Absolutely and hopefully it will do exactly what it says on the tin and harmonise things. That’s what we want, we want to be able to collect data all the way from the Czech Republic through to Germany, Italy and the Scandinavian countries and bring it all into one big data warehouse. That’s my big excitement is to create a big data warehouse where we have huge amounts of data. Of course for many of us we’ve been doing this on a very small scale for a number of years now; it’s quite common in paediatric ALL to collect data about a particular gene in a cohort of 300-400 patients from maybe two or three countries. But the idea to be able to do it on a  much larger scale where we can look at hundreds of genes at the same time and start to look at 10,000-15,000 patients rather than 300-400 is really exciting. So it means we can take all our research ideas up to the next level and get the support of everything that HARMONY provides in terms of the ethics and the consent and the link into the pharmaceutical industry etc. It’s a very exciting project and I sincerely hope that it will take off.

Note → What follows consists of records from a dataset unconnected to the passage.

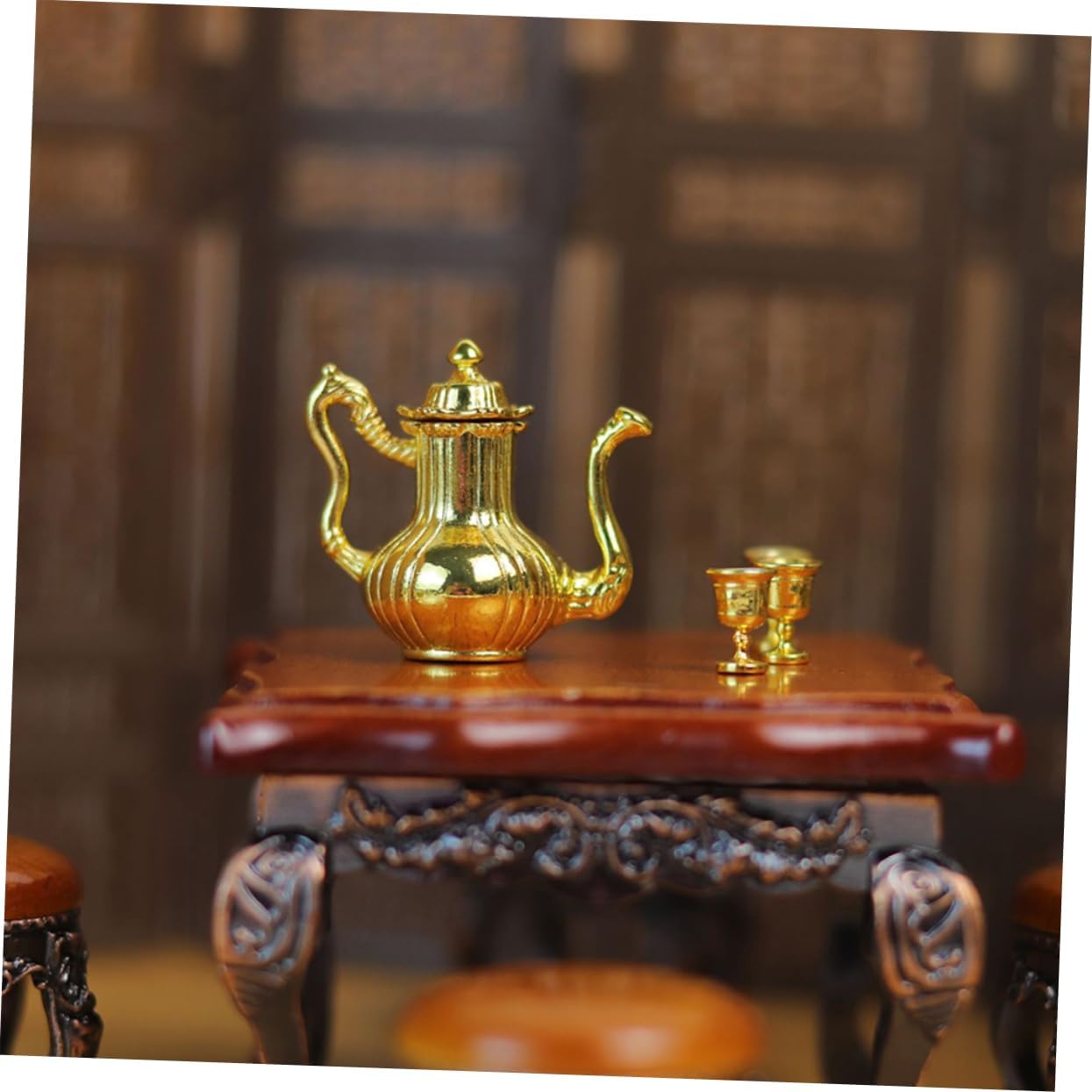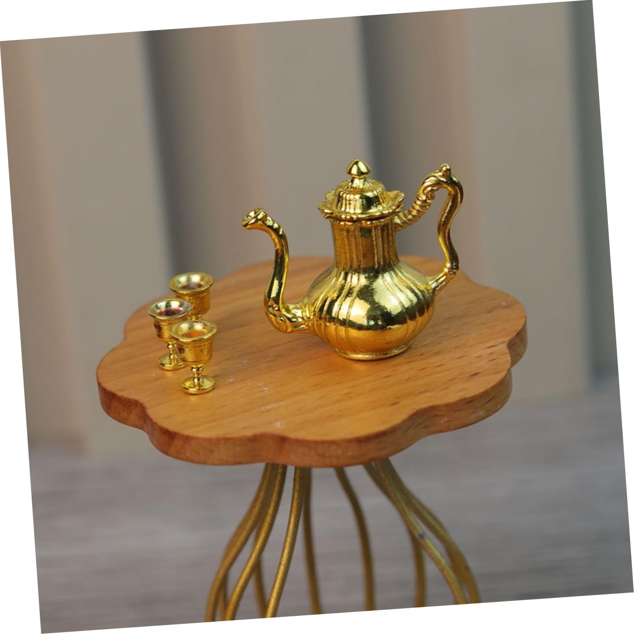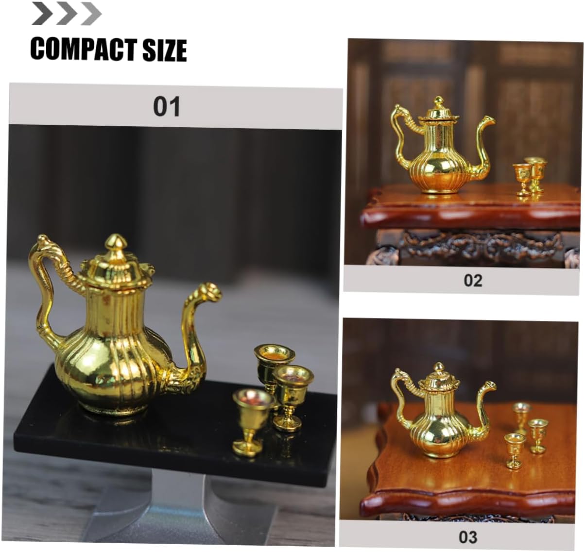 I modelli di set da tè in miniatura squisiti e realistici possono essere utilizzati per gli accessori della mini casa delle bambole. Il antico, aggiunge un'atmosfera culturale alla tua casa delle bambole, soddisfa le tue esigenze di decorazione. Realizzato con materiali in lega e realizzato a mano, garantendo la qualità e la durata del set di teiere. Adatto a diverse scene della casa delle bambole, rendi la tua casa delle bambole più colorata con questo set da tè. Il mini ornamento è realizzato in materiale metallico con lavorazione delicata e buon effetto decorativo.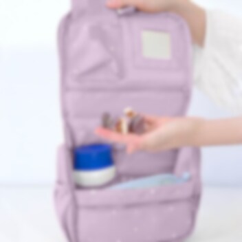 Tutete Stars Lilac er en stilfuld og praktisk toilettaske til børn, designet til at holde styr på alle toiletartikler på rejser og overnatninger hos familie og venner. Tasken har et rummeligt hovedrum med mange forskellige lommer og rum samt et spejl, så barnet nemt kan organisere sine ting. For nem adgang kan toilettasken hænges på en ophængningskrog, og yderligere opbevaringsrum findes på taskens sider og bagside. Med et praktisk håndtag øverst er den nem at bære og tage med på farten. Lavet af vandafvisende materiale sikrer Tutete Stars Lilac, at indholdet holdes tørt og organiseret.
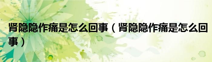 大家好,小新來(lái)為大家解答以上的問(wèn)題。腎隱隱作痛是怎么回事,腎隱隱作痛是怎么回事很多人還不知道,現(xiàn)在讓我們一起來(lái)看看吧!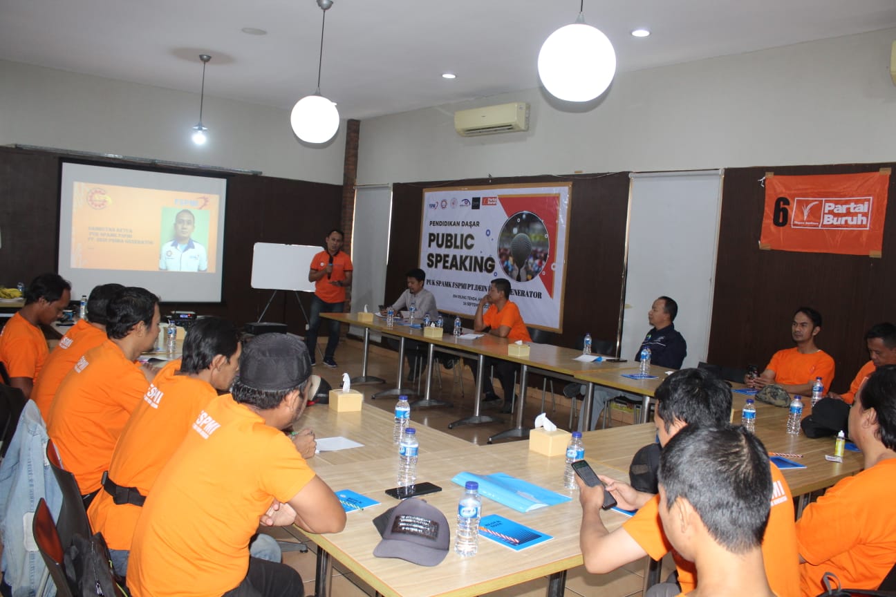 Bekasi, KPonline – Untuk mewujudkan pekerja yang mampu tampil untuk berbicara di depan umum dan berharap pengetahuannya bermaanfaat untuk dirinya, organisasi, perusahaan serta masyarakat luas, PUK SPAMK FSPMI PT Dein Prima Generator mengadakan Pendidikan Public Speaking, bertempat di Room Metting RM Riung Tenda, Harapan Indah Kota Bekasi, Sabtu (16/09/2023).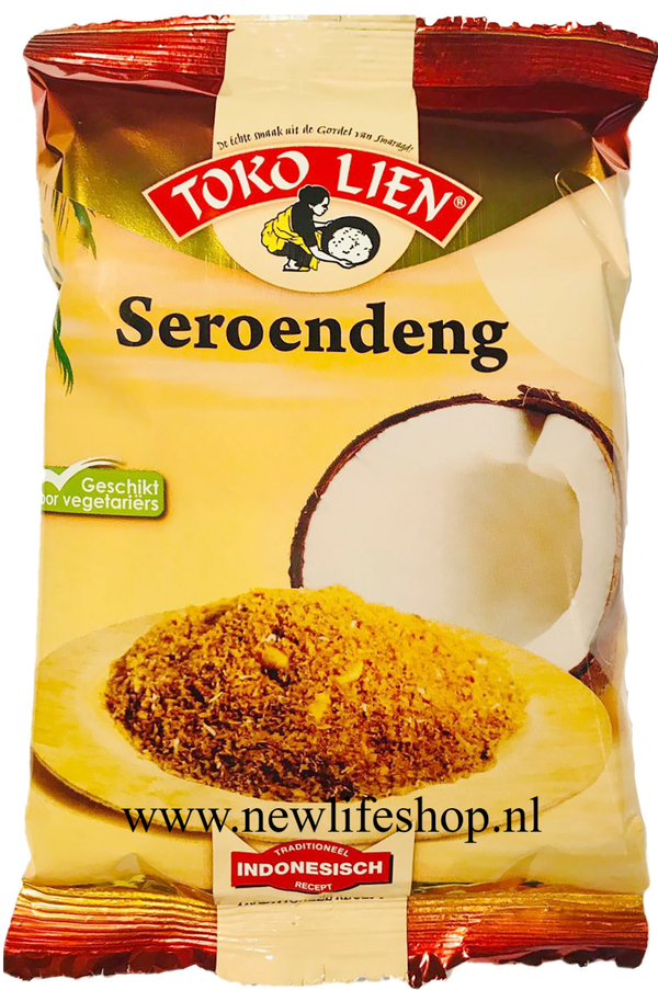 Seroendeng normaal from Toko Lien is a versatile blend of roasted coconut, salt, and spices, adding a delicious and neutral flavor to your dishes. This traditional Indonesian coconut mix is perfect for sprinkling over your dishes just before serving or as a flavorful garnish on the side. Enjoy the authentic taste of seroendeng without any preservatives!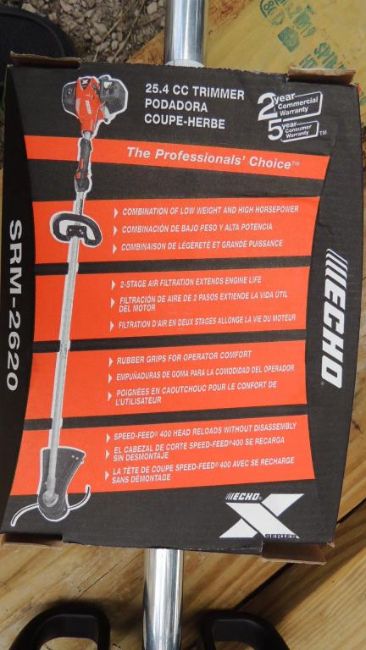 Echo Model SRM-2620 (Unused) String Trimmer. Gas powered 25.4cc, Yr. 2022. SN# U42615133858. HIT# 2374374. Outside in Container. Asset Located at 5515 N US Hwy 281, Marble Falls, TX 78654.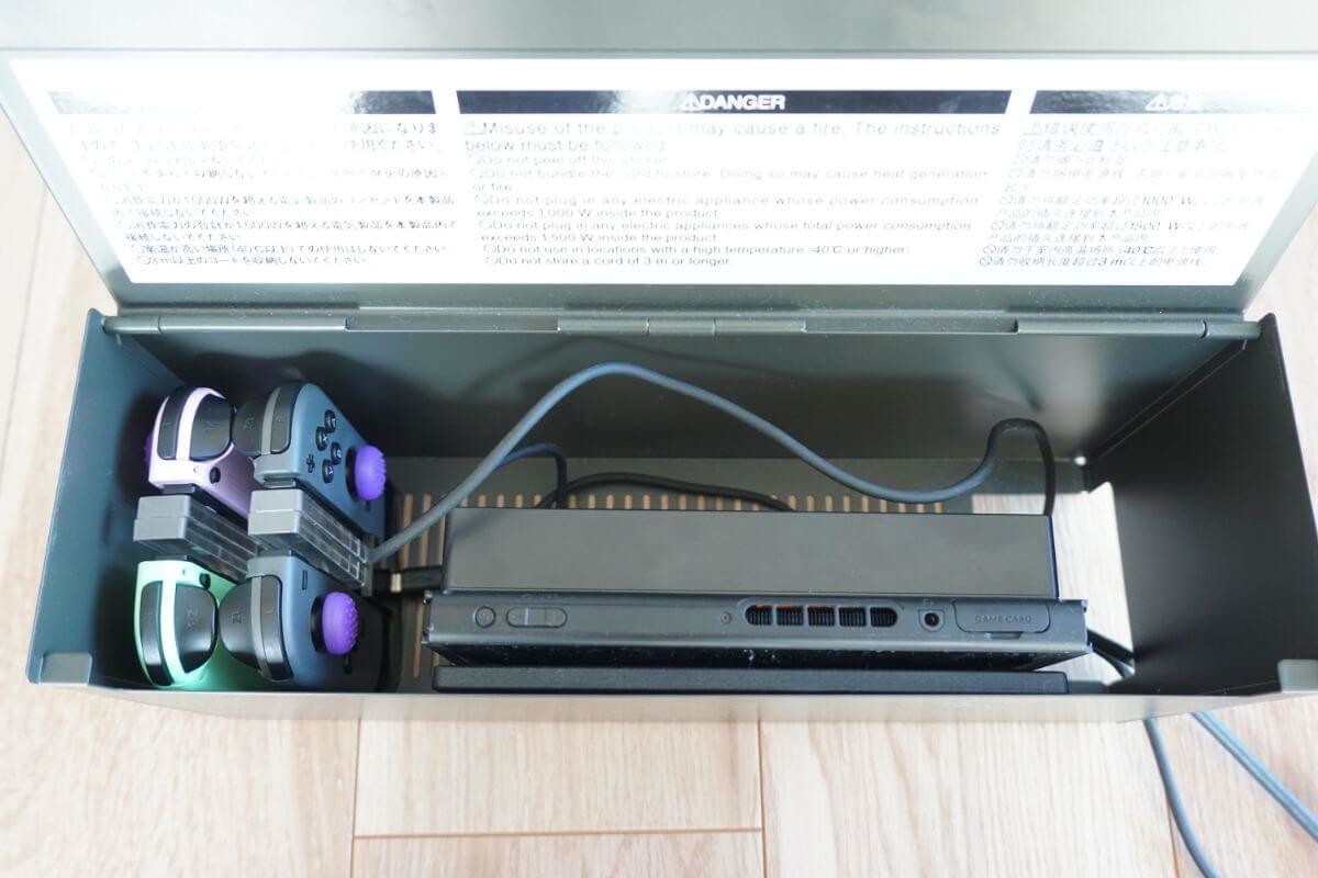 配線整理だけでなく、ゲーム機の収納としても超優秀な一品です。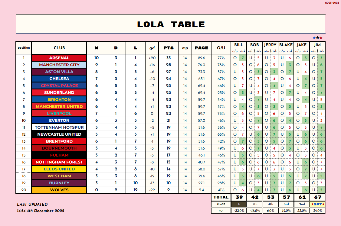it's early but compared with last year it looks like more teams and O/Us will be in play throughout the season so it's still anybody's LOLA

When will patients see a benefit?

That’s going to be a hugely variable answer, it’s an absolutely key question – when are the patients going to benefit? For some diseases, like the AML project that Lars is involved with, potentially you could see some benefits to some patients quite early on. It depends on how quickly we can pull data together, how the analysis goes and whether or not you can identify a particular genetic target that can be treated and therefore the patient could benefit quite quickly. I don’t want to raise the patients’ hope too much and say that there’s suddenly going to be this onslaught of improvement because I think that’s highly unlikely. But I do think that over the next two or three years there might be a handful of examples where rare genetic subtypes of diseases may see a benefit in their treatment because of HARMONY. But in the medium term, five to ten years, there could be a much greater improvement in patient benefit by allocating treatment more effectively across the board.